## GIVEN INFORMATION:
--

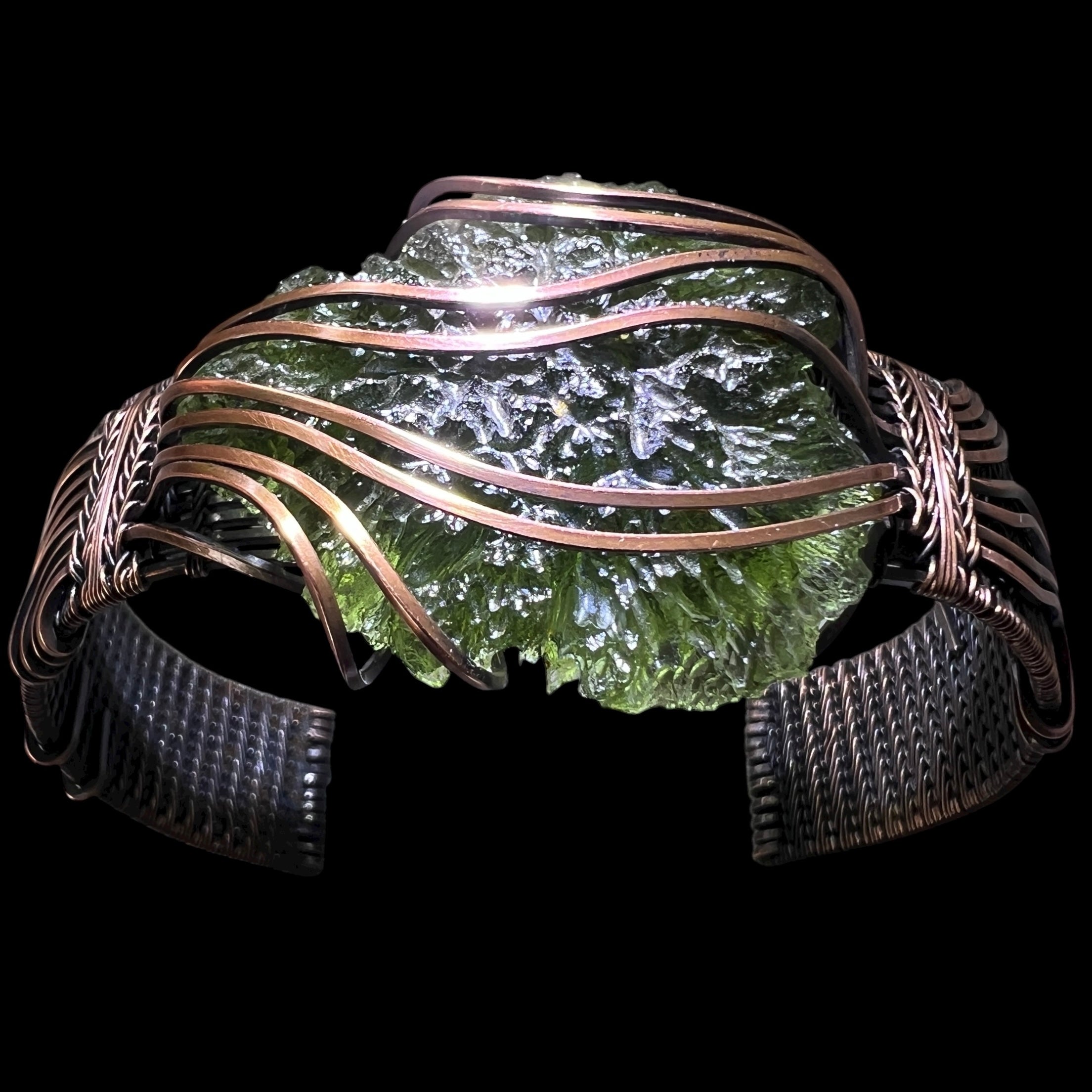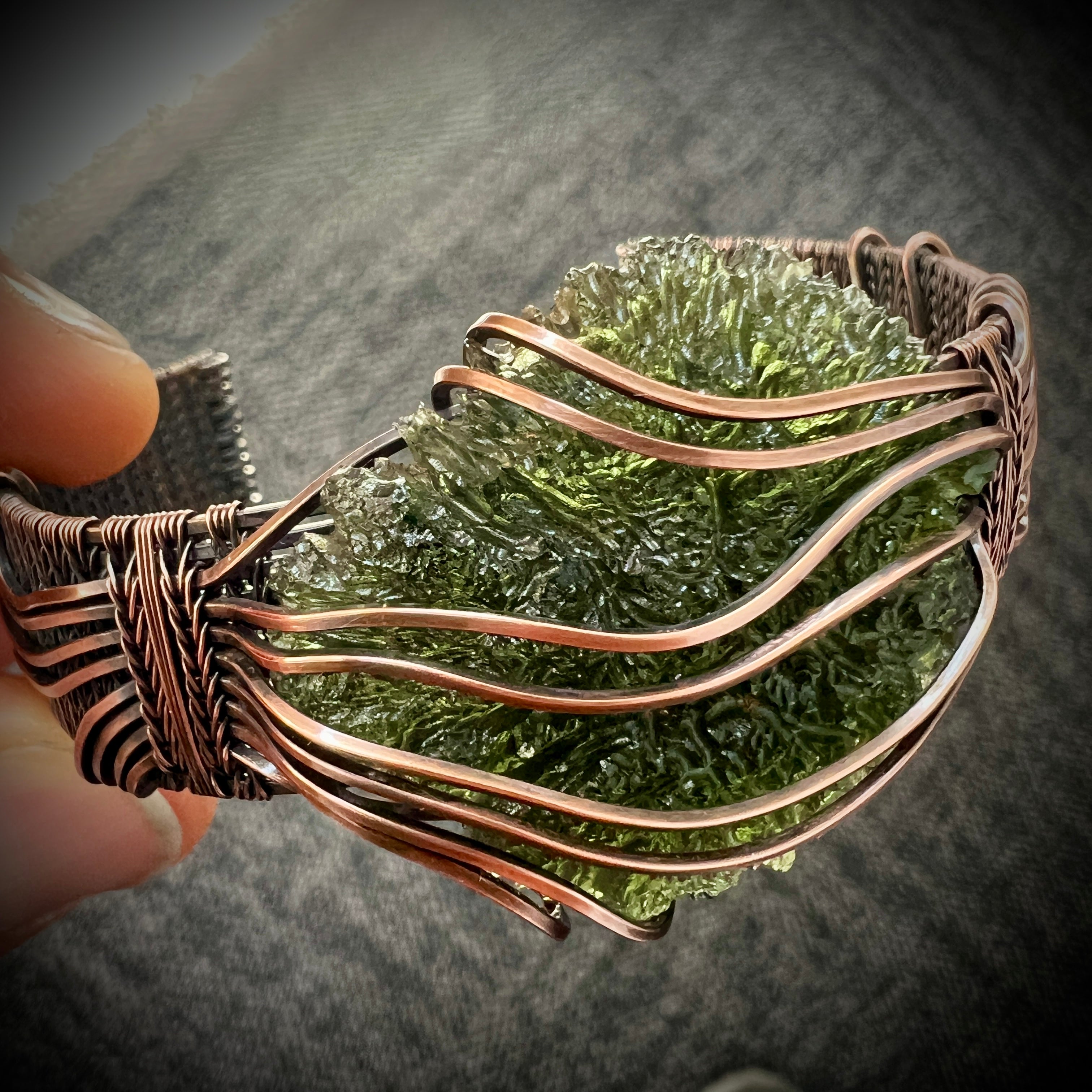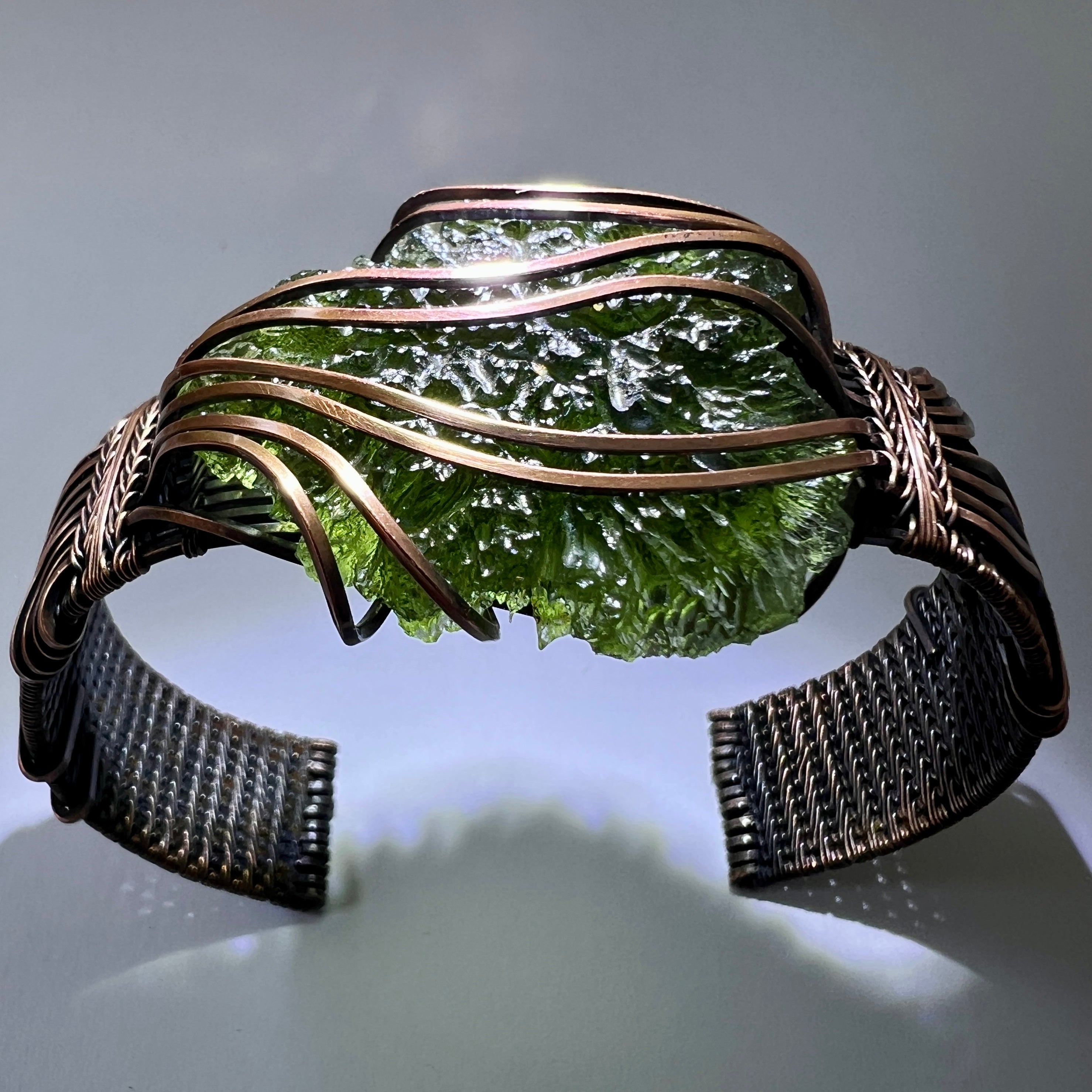 Exquisite Moldavite Bracelet — Handwoven in Antiqued Copper
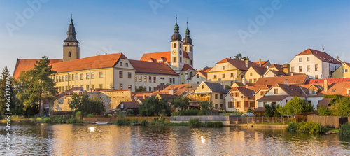 Fototapeta premium Panoramic skyline of historic town Telc in the evening light, Czech Republic
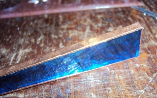После примерки стеклышек начинаем обклеивать каждое из них медной лентой, имеющей с одной стороны самоклеющуюся основу, наподобие монтажного скотча.
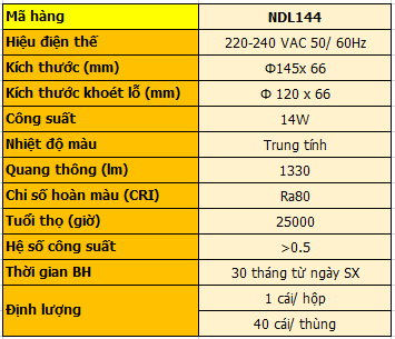 Đèn LED Downlight Dày 14W NDL144 Ánh Sáng Trung Tính – Angel 90°
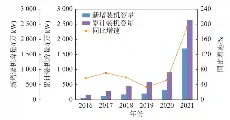 相较于海洋油气资源,海上风力资源的开发利用在我国起步较晚。我国首座规模型海上风电场东海大桥100MW项目直至2010年才正式运行。由于起步较晚,海上风电在我国仍是一种区域性的补充能源,仅占全国装机总量的1.2%。而海上风电在英国等风电强国已经成为了一种重要的替代能源,一些国家甚至开始尝试海上风电制氢,将过剩的风电能源转化成清洁化学能源进行储存。虽然海上风力发电在我国总体能源结构中份额很低,但其增长率与体量均居世界前列。受益于国家能源局《风电发展“十三五”规划》(国能新能〔2016〕314号)、国家发改委《关于海上风电上网电价政策的通知》(发改价格〔2021〕833号)等一系列支持政策,我国海上风电装机同比增长率在“十三五”期间始终保持在15%以上(见图7)。2021年,我国海上风电新增装机更是达到1690万kW,累计装机突破2639万kW,跃居世界首位。随着我国2060年前实现碳中和历史性目标的确立,可以预见海上风力发电将进入新一轮高速增长期,对我国能源体系的贡献度将进一步增大。 注:数据来源于国家能源局图7 2016年至2021年我国海上风电增长 海上风电在高速增长过程中,也逐渐呈现出一些发展趋势: **(1)机组大型化。**机组大型化是海上风电进一步提高单机功率、降低发电成本的必由之路,这一点已在业界取得共识。中国可再生能源学会公布的数据显示,我国海上风电平均单机容量在“十三五”期间由3.8MW增至4.9MW。一些风电厂商已经开始研制超大容量海上风电机组,例如东方电气在2021年底公布了拥有完全自主知识产权的海上13MW级机型。 **(2)深远海布局。**深远海风电场风能密度高、选址限制因素少,在近海风力资源开发日趋饱和的背景下将成为海上风电产业下一阶段的发力点,加大漂浮式风机技术研究势在必行,我国首个漂浮式海上风电机组“三峡引领号”于2021年成功并网发电(见图8)。国家发改委和国家能源局发布的《“十四五”现代能源体系规划》(发改能源〔2022〕210号)中明确指出要推进海上风电向深水远岸区域布局。 **(3)海洋资源一体化开发。**对海上风电、海洋牧场、绿色制氢等海洋资源进行综合开发利用有助于平摊成本,甚至可以实现多能互补。一些沿海省份已经出台政策鼓励对海洋资源一体化利用的探索。广东省人民政府办公厅印发的《广东省海洋经济发展“十四五”规划》(粤府办〔2021〕33号)提出,支持海洋资源综合开发利用,推动海上风电项目开发与海洋牧场、海上制氢、观光旅游等相结合。
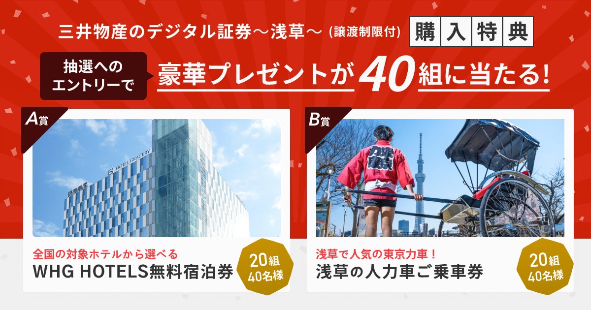 本案件を購入の上、所定の応募フォームからエントリーいただいたお客さまには、WHG HOTELS 選べる無料宿泊券や浅草の人力車ご乗車券(2万円相当)を「抽選」でプレゼントします。

--

Omit the pictures, then output the rest of the listing exactly.

 Exquisite Moldavite Bracelet — Handwoven in Antiqued Copper
 Fototapeta premium Panoramic skyline of historic town Telc in the evening light, Czech Republic
После примерки стеклышек начинаем обклеивать каждое из них медной лентой, имеющей с одной стороны самоклеющуюся основу, наподобие монтажного скотча.
 Đèn LED Downlight Dày 14W NDL144 Ánh Sáng Trung Tính – Angel 90°
 相较于海洋油气资源,海上风力资源的开发利用在我国起步较晚。我国首座规模型海上风电场东海大桥100MW项目直至2010年才正式运行。由于起步较晚,海上风电在我国仍是一种区域性的补充能源,仅占全国装机总量的1.2%。而海上风电在英国等风电强国已经成为了一种重要的替代能源,一些国家甚至开始尝试海上风电制氢,将过剩的风电能源转化成清洁化学能源进行储存。虽然海上风力发电在我国总体能源结构中份额很低,但其增长率与体量均居世界前列。受益于国家能源局《风电发展“十三五”规划》(国能新能〔2016〕314号)、国家发改委《关于海上风电上网电价政策的通知》(发改价格〔2021〕833号)等一系列支持政策,我国海上风电装机同比增长率在“十三五”期间始终保持在15%以上(见图7)。2021年,我国海上风电新增装机更是达到1690万kW,累计装机突破2639万kW,跃居世界首位。随着我国2060年前实现碳中和历史性目标的确立,可以预见海上风力发电将进入新一轮高速增长期,对我国能源体系的贡献度将进一步增大。 注:数据来源于国家能源局图7 2016年至2021年我国海上风电增长 海上风电在高速增长过程中,也逐渐呈现出一些发展趋势: **(1)机组大型化。**机组大型化是海上风电进一步提高单机功率、降低发电成本的必由之路,这一点已在业界取得共识。中国可再生能源学会公布的数据显示,我国海上风电平均单机容量在“十三五”期间由3.8MW增至4.9MW。一些风电厂商已经开始研制超大容量海上风电机组,例如东方电气在2021年底公布了拥有完全自主知识产权的海上13MW级机型。 **(2)深远海布局。**深远海风电场风能密度高、选址限制因素少,在近海风力资源开发日趋饱和的背景下将成为海上风电产业下一阶段的发力点,加大漂浮式风机技术研究势在必行,我国首个漂浮式海上风电机组“三峡引领号”于2021年成功并网发电(见图8)。国家发改委和国家能源局发布的《“十四五”现代能源体系规划》(发改能源〔2022〕210号)中明确指出要推进海上风电向深水远岸区域布局。 **(3)海洋资源一体化开发。**对海上风电、海洋牧场、绿色制氢等海洋资源进行综合开发利用有助于平摊成本,甚至可以实现多能互补。一些沿海省份已经出台政策鼓励对海洋资源一体化利用的探索。广东省人民政府办公厅印发的《广东省海洋经济发展“十四五”规划》(粤府办〔2021〕33号)提出,支持海洋资源综合开发利用,推动海上风电项目开发与海洋牧场、海上制氢、观光旅游等相结合。
 本案件を購入の上、所定の応募フォームからエントリーいただいたお客さまには、WHG HOTELS 選べる無料宿泊券や浅草の人力車ご乗車券(2万円相当)を「抽選」でプレゼントします。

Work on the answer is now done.